12 Lewis & Clark L. Rev. 875 (2008)
In the year and a half since the 2006 amendments to the Federal Rules of Civil Procedure took effect, general counsel across the nation have invested considerable time investigating whether their clients have adequately prepared to deal with electronic discovery issues. A more global question, however, is whether the 2006 amendments adequately prepare courts and practitioners to handle electronic discovery. After years of discussions, workgroups, and drafting, the Committee emerged with amendments addressing four major goals: reducing the burdens and expense of e-discovery, creating rules with the flexibility to withstand future technological advances, designing uniform rules, and providing appropriate guidance. This Comment evaluates the practical success of the amendments in achieving these goals. Beginning with the historical shift that gave rise to the amendments, the Comment then describes the goals of the amendments, then discusses the manner in which the Committee pursued its goals and, looking at the rules in practice, the success of the amendments in achieving those goals.
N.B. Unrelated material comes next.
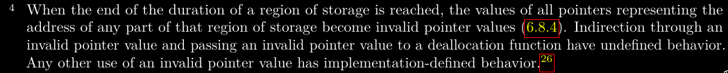 Indirection through an invalid pointer value and passing an invalid pointer value to a deallocation function have undefined behavior. Any other use of an invalid pointer value has implementation-defined behavior.

12 Lewis & Clark L. Rev. 903 (2008)
On February 8, 2006, the repeal of the Public Utility Holding Company Act of 1935 (PUHCA) went into effect. The repeal of this Depression-era law was part of a larger package of new regulations enacted under the Energy Policy Act of 2005, signed into law by President George W. Bush. At the time of its inception, PUHCA provided essential protections for consumers and investors against the questionable business practices of unregulated utility holding companies. Critics of the PUHCA repeal have repeatedly asserted that removal of these regulations will result in a return to holding company abuses such as defrauding investors, loose accounting practices, and carrying excessive debt. Proponents of the repeal believe it signals a new era of growth within the utility sector and carries with it the strong possibility of restructuring in the electric and gas industries. This Comment examines the effects of the PUHCA repeal by analyzing two mega-mergers proposed shortly after the enactment of the Energy Policy Act of 2005. Ultimately, the author concludes that the repeal of PUHCA will result in increased merger and acquisitions activity in the electric and gas industry, but the pace and degree of future mergers and acquisitions will be tempered by the role state public utility commissions play in merger review.